■ Task objective
Omit the pictures. Transcribe exactly the lines below, from the one with "Encuentran las lagunas" up to and including the last.

[Listed entries — start]

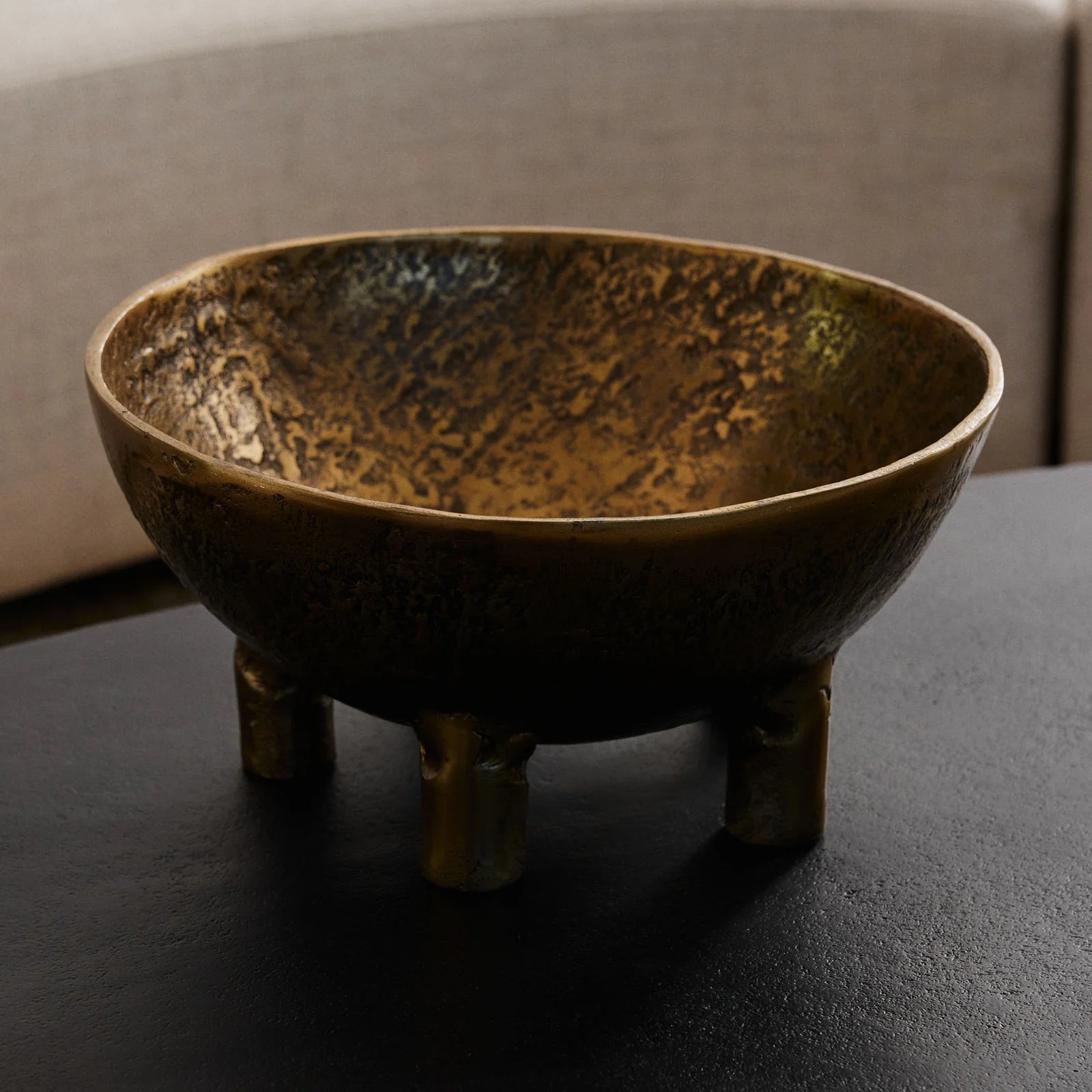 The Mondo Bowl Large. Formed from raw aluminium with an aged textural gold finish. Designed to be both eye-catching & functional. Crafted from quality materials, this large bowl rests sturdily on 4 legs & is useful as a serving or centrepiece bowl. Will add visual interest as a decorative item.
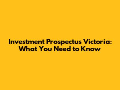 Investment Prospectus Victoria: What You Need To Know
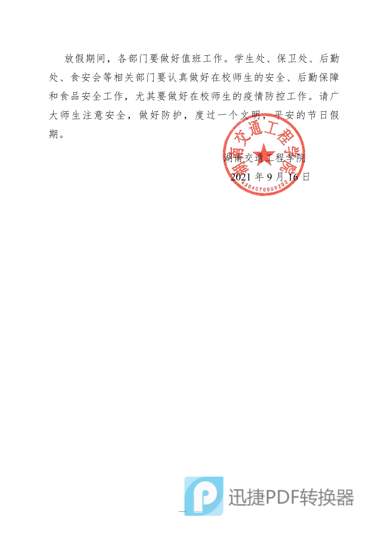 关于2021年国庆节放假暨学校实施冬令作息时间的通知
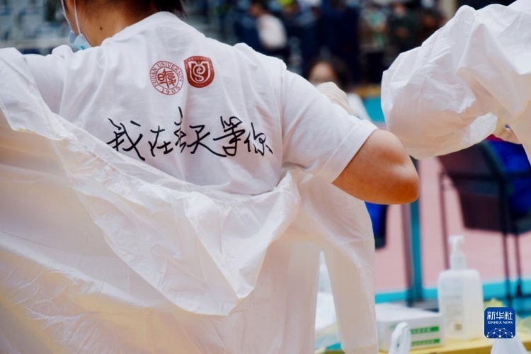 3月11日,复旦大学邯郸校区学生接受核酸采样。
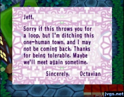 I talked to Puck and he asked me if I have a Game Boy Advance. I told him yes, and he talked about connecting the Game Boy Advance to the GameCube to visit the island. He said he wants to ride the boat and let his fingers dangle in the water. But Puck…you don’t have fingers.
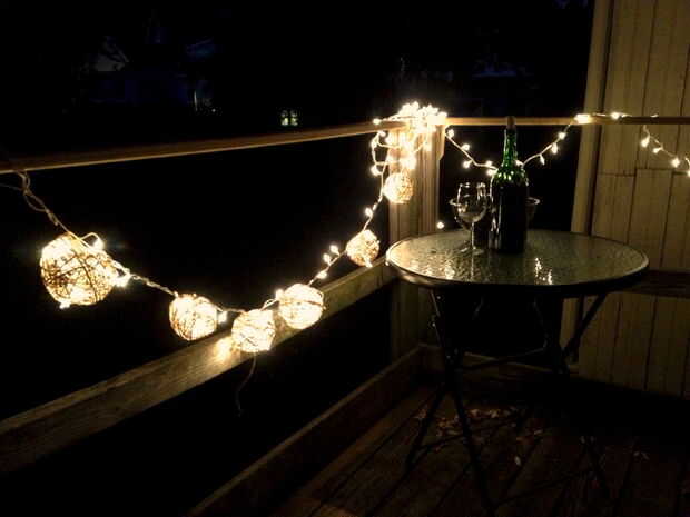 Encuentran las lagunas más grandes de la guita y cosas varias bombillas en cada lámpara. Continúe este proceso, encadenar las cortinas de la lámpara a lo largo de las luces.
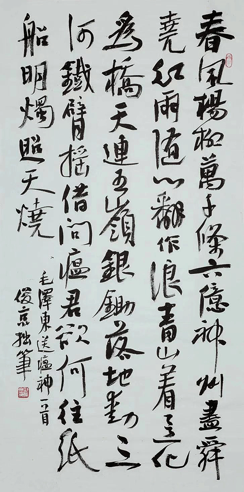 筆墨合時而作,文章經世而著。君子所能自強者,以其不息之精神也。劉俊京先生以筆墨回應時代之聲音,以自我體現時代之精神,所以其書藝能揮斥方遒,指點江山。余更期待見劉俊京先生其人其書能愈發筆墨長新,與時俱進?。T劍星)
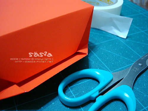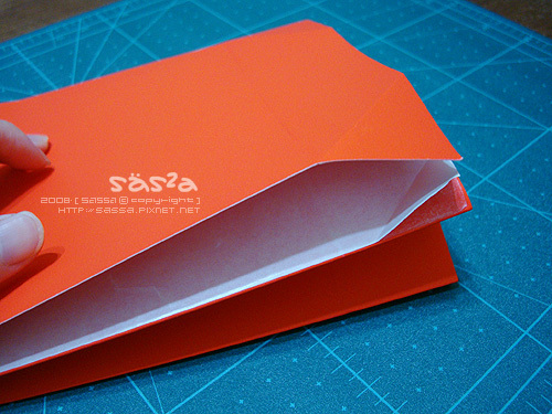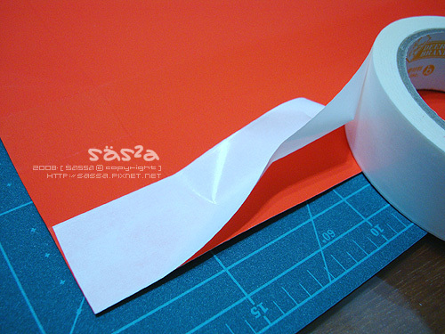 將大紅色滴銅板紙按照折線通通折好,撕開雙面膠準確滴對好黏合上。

[Listed entries — finish]

■ Task result
 Encuentran las lagunas más grandes de la guita y cosas varias bombillas en cada lámpara. Continúe este proceso, encadenar las cortinas de la lámpara a lo largo de las luces.
 筆墨合時而作,文章經世而著。君子所能自強者,以其不息之精神也。劉俊京先生以筆墨回應時代之聲音,以自我體現時代之精神,所以其書藝能揮斥方遒,指點江山。余更期待見劉俊京先生其人其書能愈發筆墨長新,與時俱進?。T劍星)
 將大紅色滴銅板紙按照折線通通折好,撕開雙面膠準確滴對好黏合上。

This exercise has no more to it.